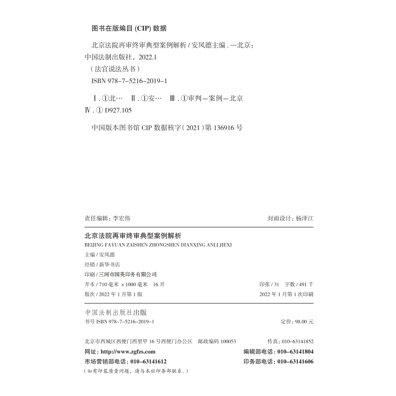 2022新书 中国法制出版 北京法院再审终审典型案例解析 法官说法丛书 社9787521620191 安凤德 正版
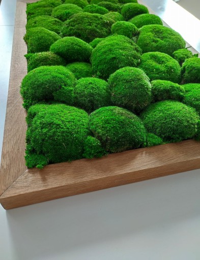Mamy dla was ręcznie przygotowane, dębową ramę, w których zamknęliśmy obraz z mchu poduszkowego.
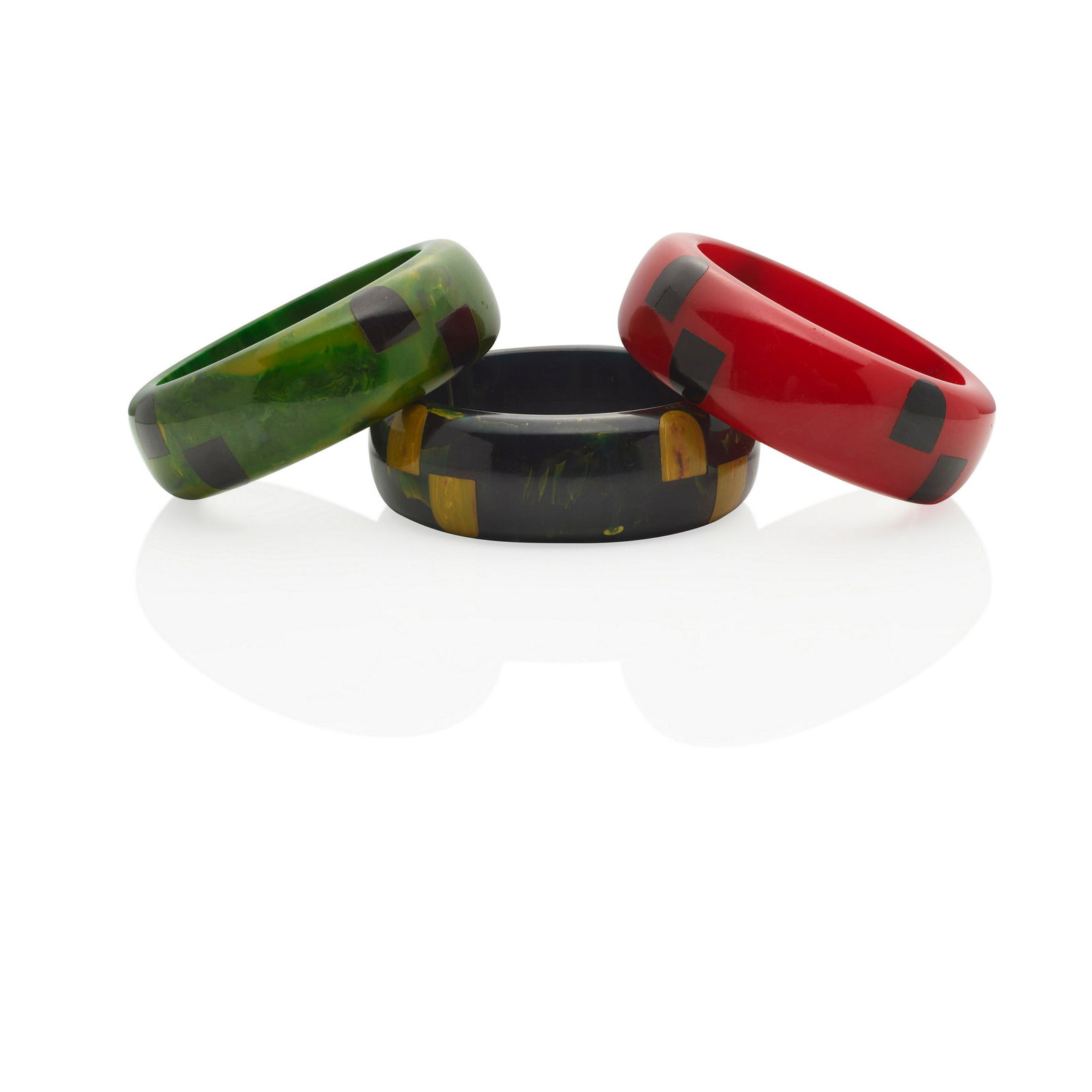 THREE BAKELITE MODIFIED 'DOT' BANGLE BRACELETS

* WHAT YOU ARE ASKED TO DO *
All of the material must be given again exactly, though no picture may appear in the copy.

* OUTPUT OF THE TASK *
 2022新书 中国法制出版 北京法院再审终审典型案例解析 法官说法丛书 社9787521620191 安凤德 正版
Mamy dla was ręcznie przygotowane, dębową ramę, w których zamknęliśmy obraz z mchu poduszkowego.
 THREE BAKELITE MODIFIED 'DOT' BANGLE BRACELETS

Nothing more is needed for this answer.